Девчачий Хвост больше уж ничего не спрашивал. Да, вот так коротали тогда долгие зимние вечера, на улице светила луна, а в избах светили лучины, думал Мико. Он шагал по тротуару с авоськой в руке, погруженный в воспоминания о зимних вечерах, когда на улице было бело от лунного света, а в избах сумрачно; когда горели лучины, лежали груды пряжи и пера, была капуста с клецками; когда случалось разное; когда привидения и сама смерть являлись людям. Но разве взаправду-то кто-нибудь видел такое, кто-нибудь сам пережил? — спросил себя Мико. Ведь и старый Мико, мой прадед, не видел, как смерть забрала Грацу, просто был он уже старый, знал, что недолго ему стучать по лучинам, вот и сочинил о последней минуте Граци, о том, как задушила его смерть, потому что и сам не раз желал ему того же. Только он умел начать — сумел и кончить, сверху-то положил самое доброе: «Упокой, господи, его душу!» Конец — делу венец; старый Мико это знал. Знают ли нынешние, умеют ли они так? Мико вздрогнул, по спине у него побежали мурашки. Он все глубже погружался в давние зимние вечера, с мурашками от страха, с тихими песнями. Ему слышались эти песни, виделось, как коптят и дымят лучины, потеют стены, потеет утоптанная земля под ногами, дышат теплом старые печки, пахнет капустой с клецками, дети засыпают на теплых печах в грязи, пыли и тряпье. Ах, куда подевалось то старое золотое времечко? Снег лежал на земле уже от Мартина, загонял людей в избы, люди прогоняли нищету сказками и песнями — нынче-то и Три короля[7] не ездят больше на белых конях, только в грязной, заляпанной тележке. Сегодня девушки не щиплют перо, нынче такая вот девица идет замуж с готовыми перинами, старики вроде деда Мико вымерли вместе с лучинами, их выжила свеча, керосиновая лампа, потом лампочка. А теперь какой-нибудь шалопай вырвет из стены выключатель, нехорошо сделает, некрасиво, многим навредит — а кто его научит уму-разуму, кто ему втолкует, что раз начал — умей закончить, сверху-то клади самое доброе? Конечно, про выключатель не скажешь: упокой, господи, его душу! Нет, конечно… Мико с усмешкой посмотрел перед собой. Ну, решил он, не иначе за мясом будет стоять в очереди весь дом… Прибавил шагу, чтобы поспеть за вдовой Бадаковой. Она, глядишь, посоветует ему, какое мясо купить и что из него сварить.

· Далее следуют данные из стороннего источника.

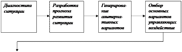Первый блок этапов разработки управленческого решения включает 6 : Получение информации о ситуации. Для адекватного представления ситуации и принятии управленческих решений лицом, принимающим решения (ЛПР), как правило, используются не только количественные данные, но и данные качественного характера. Это обеспечивается с помощью широко используемых в процессе принятия решений экспертных технологий. Получаемая информация о ситуации принятия решения должна быть достоверной и достаточно полной. Недостоверная либо недостаточно полная информация может приводить к принятию ошибочных и неэффективных решений. Однако не меньшие трудности возникают и при наличии избыточной информации, поскольку возникает проблема отбора информации, действительно представляющей интерес и важной для своевременного принятия эффективного управленческого решения. Целесообразной при получении и обработке информации о ситуации принятия решения является подготовка аналитического материала, отражающего основные особенности и тенденции развития ситуации. Определение цели. Большое значение имеет определение целей, стоящих перед организацией. Только после их определения можно осуществлять определение факторов, механизмов, закономерностей, влияющих на развитие ситуации. Четкое определение цели является неотъемлемой составляющей процесса управления, большое значение, а также имеет определение приоритетности целей, поскольку опыт показывает, что при реальном управлении приходится осуществлять выбор. Важно при определении целей организации четко представлять возможные пути их достижения. Формирование целей организации может осуществляться непосредственно руководителем, а может вырабатываться коллективно советом директоров, ведущими менеджерами и т. д. В настоящее время разработаны методы построения результирующих деревьев целей и деревьев критериев, получаемых в результате коллективной экспертизы для тех случаев, когда точки зрения специалистов, формирующих цели организации, могут различаться. Разработка оценочной системы. В процессе выработки управленческого решения большое значение имеет адекватная оценка ситуации, различных ее аспектов, учитывать которые необходимо при принятии решений, приводящих к успеху. Для адекватной оценки того или иного аспекта ситуации нередко оказывается целесообразным формирование индексов, или индикаторов, характеризующих состояние ситуации в зависимости от изменения значений факторов, определяющих ее развитие. Например, индекс (индикатор) Доу-Джонса — индекс акций, позволяющий оценить движение биржевых ресурсов, характеризует состояние активности на бирже. Оценочная система формируется как для индивидуальных, так и для коллективных сравнительных оценок. В состав оценочной системы входят: критерии, характеризующие объект оценки; шкалы, с использованием которых оценивается объект по каждому из критериев; принципы выбора, по которым на основании оценок значений критериев для объекта определяется общая оценка либо производится сравнительная оценка предпочтительности альтернативных вариантов. Анализ ситуации. Основной задачей анализа ситуации является выявление факторов, определяющих динамику ее развития. Сначала проводится содержательный анализ и на качественном уровне устан

— Доброе утро, — сказал он ей. — Как дела, соседка?

— Доброе утро! Да так себе, сосед.

У нее, бедняжки, заботы, подумал Мико. Говорят, ее сыну скоро будут вручать диплом — вот оно, вместе с радостями-то и заботы, не хотят они отделиться друг от друга, чтоб их!


Перевод Н. Замошкиной.

КУСОК ПОЛОТНА

Перейти на страницу:

Все книги серии Библиотека литературы ЧССР

Похожие книги

Последний
Последний

Молодая студентка Ривер Уиллоу приезжает на Рождество повидаться с семьей в родной город Лоренс, штат Канзас. По дороге к дому она оказывается свидетельницей аварии: незнакомого ей мужчину сбивает автомобиль, едва не задев при этом ее саму. Оправившись от испуга, девушка подоспевает к пострадавшему в надежде помочь ему дождаться скорой помощи. В суматохе Ривер не успевает понять, что произошло, однако после этой встрече на ее руке остается странный след: два прокола, напоминающие змеиный укус. В попытке разобраться в происходящем Ривер обращается к своему давнему школьному другу и постепенно понимает, что волею случая оказывается втянута в давнее противостояние, длящееся уже более сотни лет…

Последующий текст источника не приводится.